*** Begin section ***
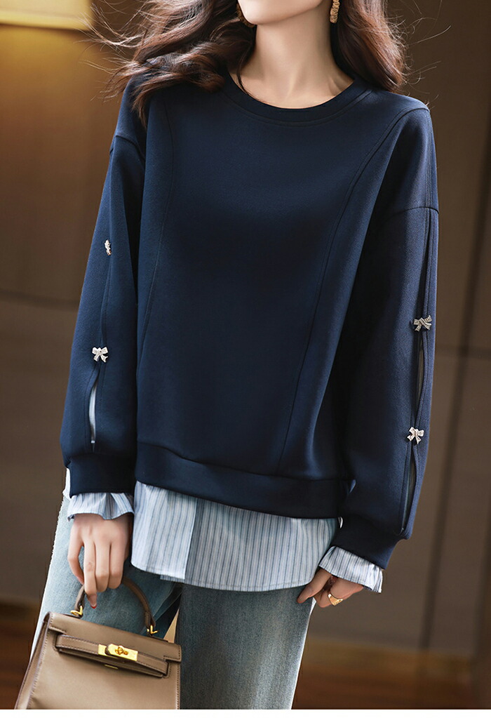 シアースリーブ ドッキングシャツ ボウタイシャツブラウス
*** End section ***
*** Begin section ***
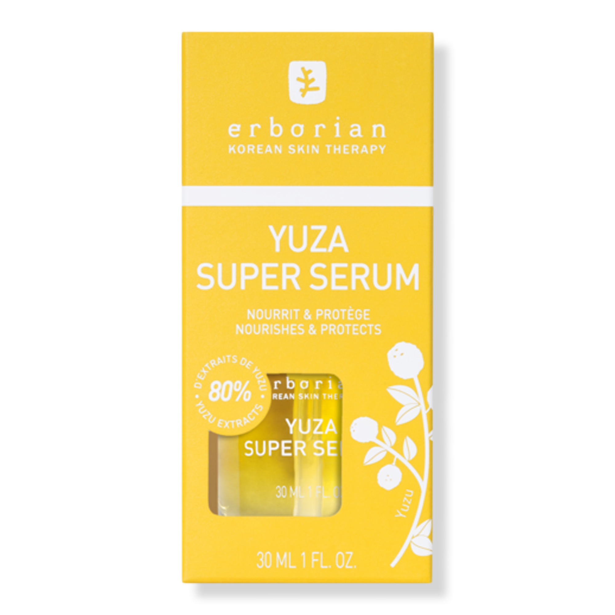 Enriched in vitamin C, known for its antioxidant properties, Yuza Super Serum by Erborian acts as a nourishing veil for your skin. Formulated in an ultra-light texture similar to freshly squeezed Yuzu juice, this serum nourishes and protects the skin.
*** End section ***
*** Begin section ***
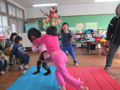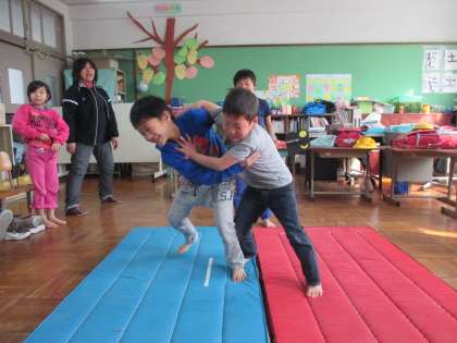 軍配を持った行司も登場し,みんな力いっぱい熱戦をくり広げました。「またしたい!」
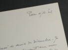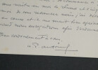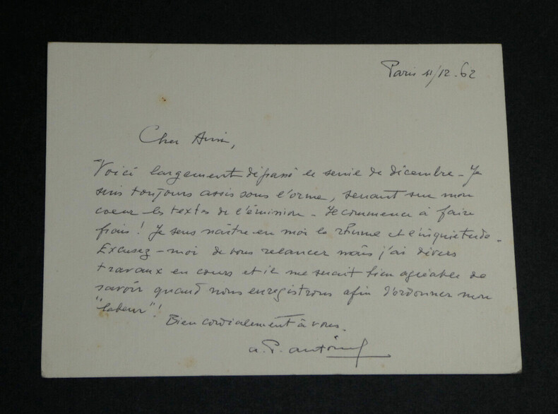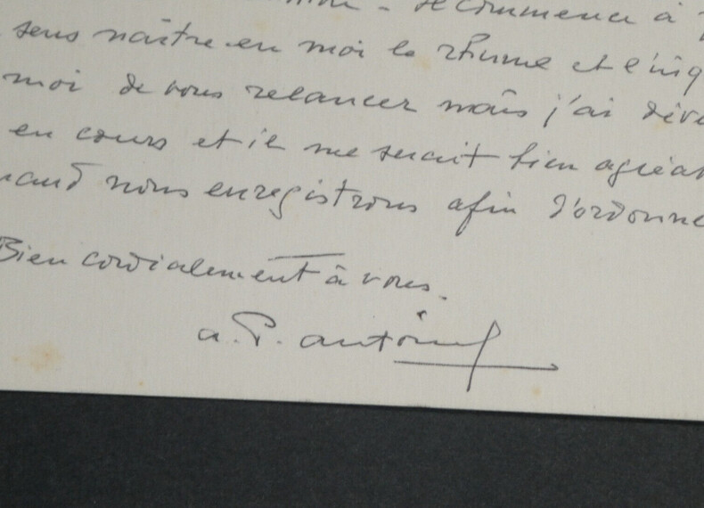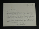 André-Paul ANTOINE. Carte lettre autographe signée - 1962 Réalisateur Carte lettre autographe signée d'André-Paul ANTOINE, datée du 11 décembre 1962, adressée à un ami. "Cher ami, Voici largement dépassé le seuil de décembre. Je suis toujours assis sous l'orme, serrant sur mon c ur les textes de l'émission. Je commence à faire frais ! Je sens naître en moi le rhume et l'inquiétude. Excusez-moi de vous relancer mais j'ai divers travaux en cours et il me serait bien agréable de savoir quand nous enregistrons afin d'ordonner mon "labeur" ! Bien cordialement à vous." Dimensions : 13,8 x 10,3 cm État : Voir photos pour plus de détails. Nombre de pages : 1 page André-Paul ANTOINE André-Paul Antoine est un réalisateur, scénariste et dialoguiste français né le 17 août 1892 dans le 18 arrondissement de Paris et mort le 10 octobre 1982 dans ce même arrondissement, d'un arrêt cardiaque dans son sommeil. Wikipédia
*** End section ***
Only one stretch of the data is wanted: write out exactly the lines from the one holding "軍配を持った行司も登場し,み" through the one holding "André-Paul ANTOINE. Carte", both included, without the pictures.

__Task output__:
 軍配を持った行司も登場し,みんな力いっぱい熱戦をくり広げました。「またしたい!」
 André-Paul ANTOINE. Carte lettre autographe signée - 1962 Réalisateur Carte lettre autographe signée d'André-Paul ANTOINE, datée du 11 décembre 1962, adressée à un ami. "Cher ami, Voici largement dépassé le seuil de décembre. Je suis toujours assis sous l'orme, serrant sur mon c ur les textes de l'émission. Je commence à faire frais ! Je sens naître en moi le rhume et l'inquiétude. Excusez-moi de vous relancer mais j'ai divers travaux en cours et il me serait bien agréable de savoir quand nous enregistrons afin d'ordonner mon "labeur" ! Bien cordialement à vous." Dimensions : 13,8 x 10,3 cm État : Voir photos pour plus de détails. Nombre de pages : 1 page André-Paul ANTOINE André-Paul Antoine est un réalisateur, scénariste et dialoguiste français né le 17 août 1892 dans le 18 arrondissement de Paris et mort le 10 octobre 1982 dans ce même arrondissement, d'un arrêt cardiaque dans son sommeil. Wikipédia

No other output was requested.